Delta Lake helper methods in PySpark
https://mrpowers.github.io/mack/
MIT License
303 stars 44 forks source link

Brainstorm correct ways to include PySpark & Delta dependencies in pyproject.toml file #48

Open MrPowers opened 1 year ago

MrPowers commented 1 year ago

Users have to supply a correct combination of Spark & Delta Lake versions for their setup to work, see the compatibility matrix.

Mack depends on PySpark & Delta Lake. We want Mack to work with a variety of Spark & Delta Lake combinations.

Here's how the dependencies are currently specified in the pyproject.toml file:

[tool.poetry.dependencies]
python = "^3.9"

[tool.poetry.dev-dependencies]
pre-commit = "^2.20.0"
pyspark = "3.3.1"
delta-spark = "2.1.1"
pytest = "7.2.0"
chispa = "0.9.2"
pytest-describe = "^1.0.0"

I'm not sure the best way to specify dependencies using Poetry to give our users the best Mack download experience. Thoughts?

squerez commented 1 year ago

I am not sure what would be the correct way, but maybe we could apply something like:

[tool.poetry.extras]
delta2.2-spark3.3 = ["delta-spark^2.2.0", "pyspark^3.3.1"]
delta2.1-spark3.3 = ["delta-spark^2.1.1", "pyspark^3.3.1"]

and then the user would just need to run poetry update; poetry install -E delta2.1-spark3.3 to install desired dependencies.

One of the pitfalls would be making sure that python3.9 works for all dependencies combinations and to create tests for each combination to make sure it works with the application code? What do you think?

I haven't given this idea a try yet, but looking at this issue gave me the impression that this could work.

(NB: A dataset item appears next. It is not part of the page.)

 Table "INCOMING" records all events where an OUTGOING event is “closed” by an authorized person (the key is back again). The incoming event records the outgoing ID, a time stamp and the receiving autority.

MrPowers commented 1 year ago

@joao-fm-santos - this blog post has more context on the issue from a usability perspective.

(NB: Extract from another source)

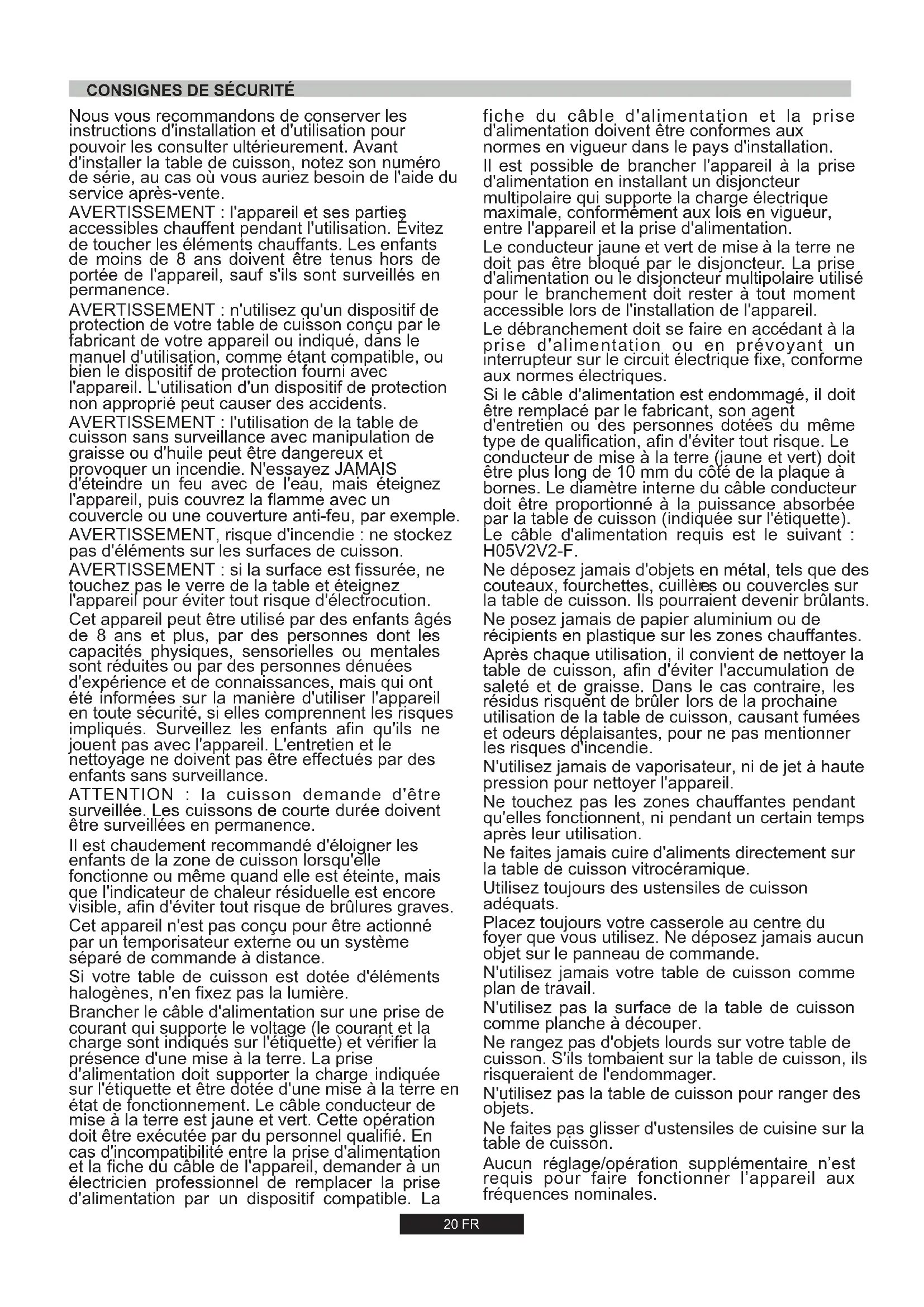 cuisson sans surveillance avec manipulation de graisse ou d'huile peut être dangereux et provoquer un incendie. N'essayez JAMAIS d'éteindre un feu avec de l'eau, mais éteignez l'appareil, puis couvrez la flamme avec un couvercle ou une couverture anti-feu, par exemple. Il est chaudement recommandé d'éloigner les enfants de la zone de cuisson lorsqu'elle fonctionne ou même quand elle est éteinte, mais que l'indicateur de chaleur résiduelle est encore visible, afin d'éviter tout risque de brûlures graves. Cet appareil peut être utilisé par des enfants âgés de 8 ans et plus, par des personnes dont les capacités physiques, sensorielles ou mentales sont réduites ou par des personnes dénuées d'expérience et de connaissances, mais qui ont été informées sur la manière d'utiliser l'appareil en toute sécurité, si elles comprennent les risques impliqués. Surveillez les enfants afin qu'ils ne jouent pas avec l'appareil. L'entretien et le nettoyage ne doivent pas être effectués par des enfants sans surveillance. Si votre table de cuisson est dotée d'éléments halogènes, n'en fixez pas la lumière. Brancher le câble d'alimentation sur une prise de courant qui supporte le voltage (le courant et la charge sont indiqués sur l'étiquette) et vérifier la présence d'une mise à la terre. La prise d'alimentation doit supporter la charge indiquée sur l'étiquette et être dotée d'une mise à la terre en état de fonctionnement. Le câble conducteur de mise à la terre est jaune et vert. Cette opération doit être exécutée par du personnel qualifié. En cas d'incompatibilité entre la prise d'alimentation et la fiche du câble de l'appareil, demander à un électricien professionnel de remplacer la prise d'alimentation par un dispositif compatible. La ATTENTION : la cuisson demande d'être surveillée. Les cuissons de courte durée doivent être surveillées en permanence.

Mack will typically be included as a dependency in other files. I'm not sure how we setup a Python project to correctly install a specific Delta Lake version based on the PySpark version that the user specified....

@danielbeach - FYI, we're looking into this issue.

@alexott - feel free to provide suggestions.

squerez commented 1 year ago

@MrPowers thanks for the blog post, really helpfull! Unless I understood the problem incorrectly, I believe adding extras would be a good way to solve this issue, as it allows users to use common poetry syntax to install dependencies, allowing to choose what version they prefer.

For example, a user could:

[tool.poetry.dependencies]
mack= {version = "*", extras = ["delta2.2-spark3.3"]}

For the pip installation, I believe we would need to change setup.cfg to include extras like so.

I have not tried this, but let me know if I am missing the point here!

MrPowers commented 1 year ago

@joao-fm-santos - yea, extras could be the right way to solve this. I don't know.

We need a solution that will work in a variety of execution contexts:

One of my other projects uses a library called findspark. Is it possible we need a library like finddelta?